China ha saltado de un régimen no capitalista a la condición del principal rival económico del imperialismo norteamericano en un plazo de tiempo relativamente corto y a través de un proceso peculiar. Porque China ha pasado de receptora de capital internacional a exportadora de capital. Ha revertido la caída de la tasa de ganancia internacional mediante una tasa de explotación extraordinaria del proletariado y una confiscación económica gigantesca de la masa campesina. De sopapa de seguridad del capital mundial, abriendo un mercado de centenares de millones de obreros, ha pasado a ser la litigante principal en la disputa por el mercado mundial. La ley del desarrollo desigual se ha impuesto en forma desmesurada. Luego de acaparar los mayores mercados del mundo, al finalizar la última guerra, los grandes capitales norteamericanos se vieron enfrentados a la competencia de sus clientes económicos. Es lo que ocurrió con Alemania y Europa; con Japón, Corea del Sur y Taiwán, y finalmente con China, nada menos. León Trotsky mismo entrevió, como presidente del organismo de planificación soviética, a mediados de la década de los años veinte del siglo pasado, una aceleración de los tiempos de la industrialización de la URSS mediante la afluencia de capitales extranjeros y la exportación al mercado mundial, claro que bajo un régimen de planificación económica y monopolio del comercio exterior. La tesis de que la penetración imperialista en las naciones rezagadas las condena invariablemente al subdesarrollo, con independencia de las condiciones en que tiene lugar, es una elaboración ideológica tercermundista para justificar la lucha por un mayor espacio en el mercado interno para la burguesía nacional. Todo esto no quiere decir que el desarrollo capitalista impulsado por la irrupción del capital internacional concluya en un régimen económico-político autónomo. La Unión Europea y Japón se encuentran más que nunca, en la actualidad, en dependencia del capital financiero norteamericano. La perspectiva ulterior de China es un escenario abierto.

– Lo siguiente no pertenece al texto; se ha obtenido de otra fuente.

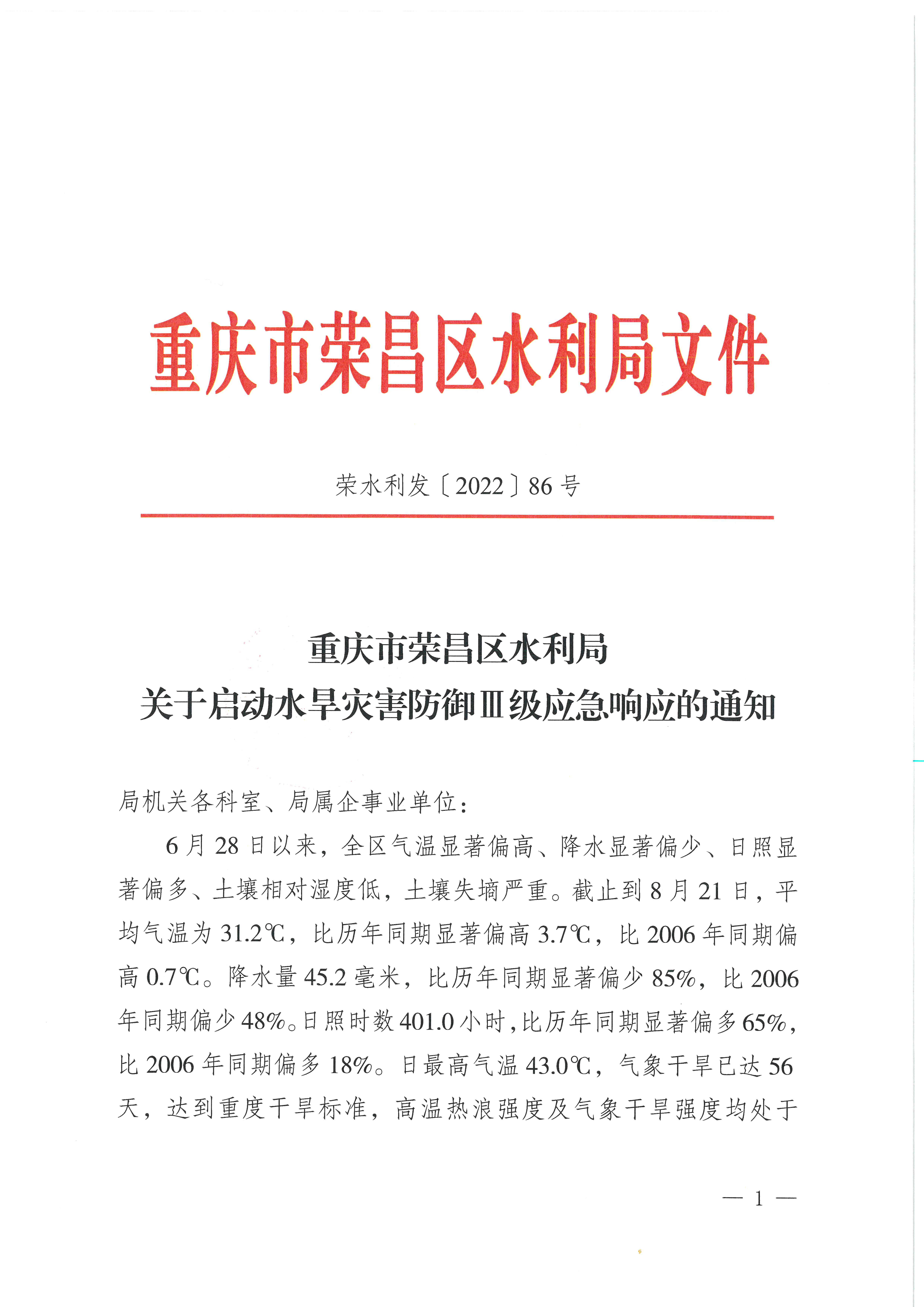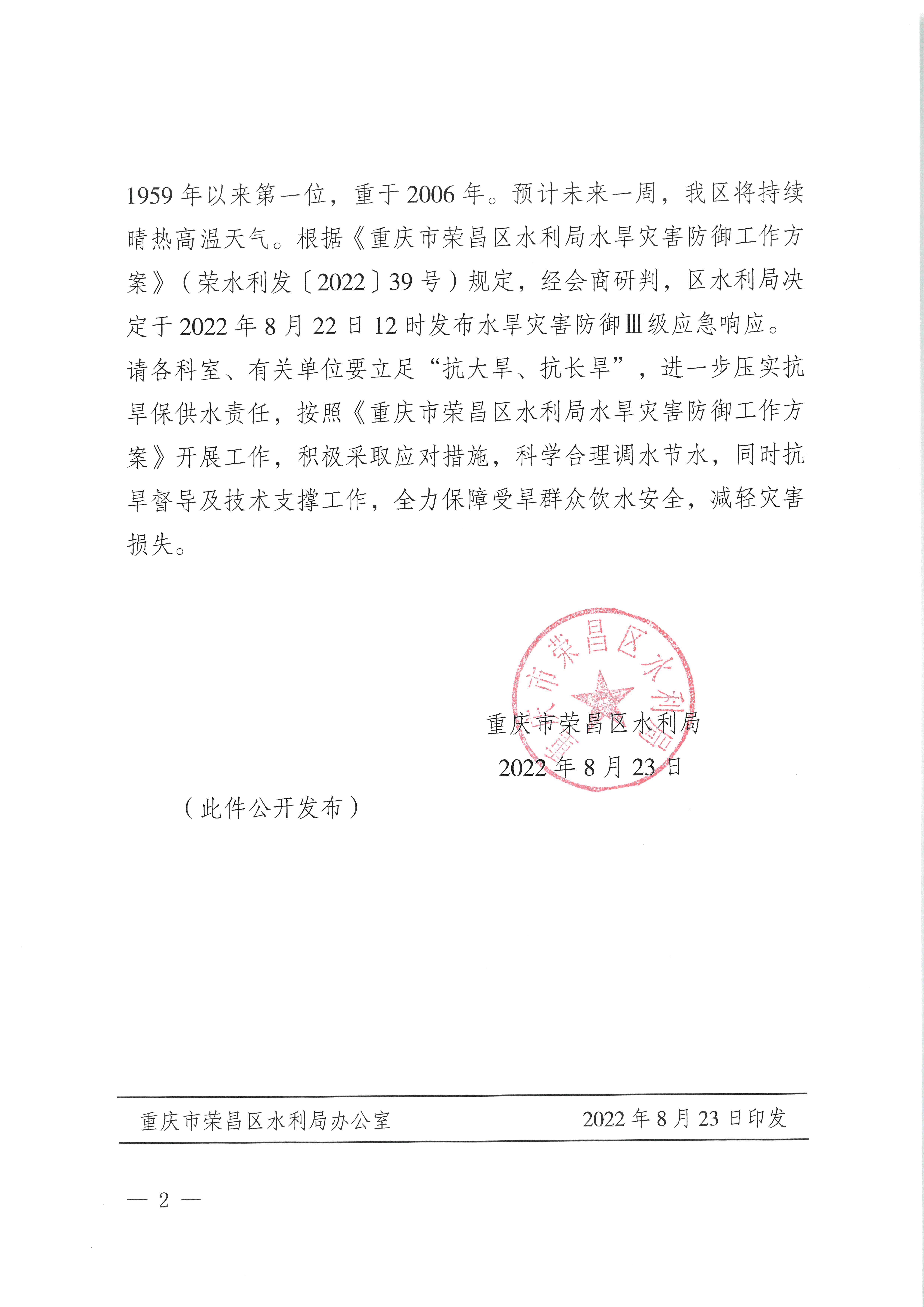 重庆市荣昌区水利局关于启动水旱灾害防御III级应急响应的通知(荣水利发〔2022〕86号)

Precisamente, la restauración capitalista en Rusia y muy especialmente en China, fue financiada por el capital financiero internacional, mediante el ahorro nacional de esos países; en el caso de Rusia mediante una confiscación sin precedentes de empresas estatales, en una suerte de oferta de remate. En China, ese proceso ocurrió mediante despidos masivos y cierres de empresas. Los excedentes comerciales de China, convertidos en deuda pública de Estados Unidos, eran reciclados como inversiones norteamericanas. Por eso China recibió autorización de ingreso a la Organización Mundial de Comercio, y la posibilidad de exportar sin trabas a los mercados extranjeros. Desde la pandemia hay, por el contrario, una salida de capitales estadounidenses. Rusia, por su lado, fue invitada a ingresar al G-7 de las naciones imperialistas; Putin reclamó incluso el ingreso a la OTAN y aun hoy Rusia y China pertenecen al G-20. Cuando la invasión a Afganistán, en 2001, Rusia e Irán ofrecieron sus espacios aéreos a la aviación norteamericana. En 1993, incluso Fidel Castro votaba el ingreso de Argentina al Consejo de Seguridad de la ONU, cuando Menem enviaba fuerzas militares a la guerra del Golfo. China aparecía, en este escenario, como un país dependiente o incluso una semicolonia económica. Abastecía al mercado mundial de mercancías baratas de poca elaboración. Este enorme giro del mercado mundial, en su momento, produjo una redundancia laboral y la desvalorización de la fuerza de trabajo en los países desarrollados y en desarrollo. China, a su vez, como ya se señaló invertía sus excedentes comerciales en deuda norteamericana, que el capital norteamericano reconvertía en inversión en China; financiaba la inversión extranjera en su país, una relación típicamente semicolonial. Es lo que hacía Gran Bretaña con los excedentes de las colonias, semicolonias y países periféricos, en los siglos XIX y parte del XX.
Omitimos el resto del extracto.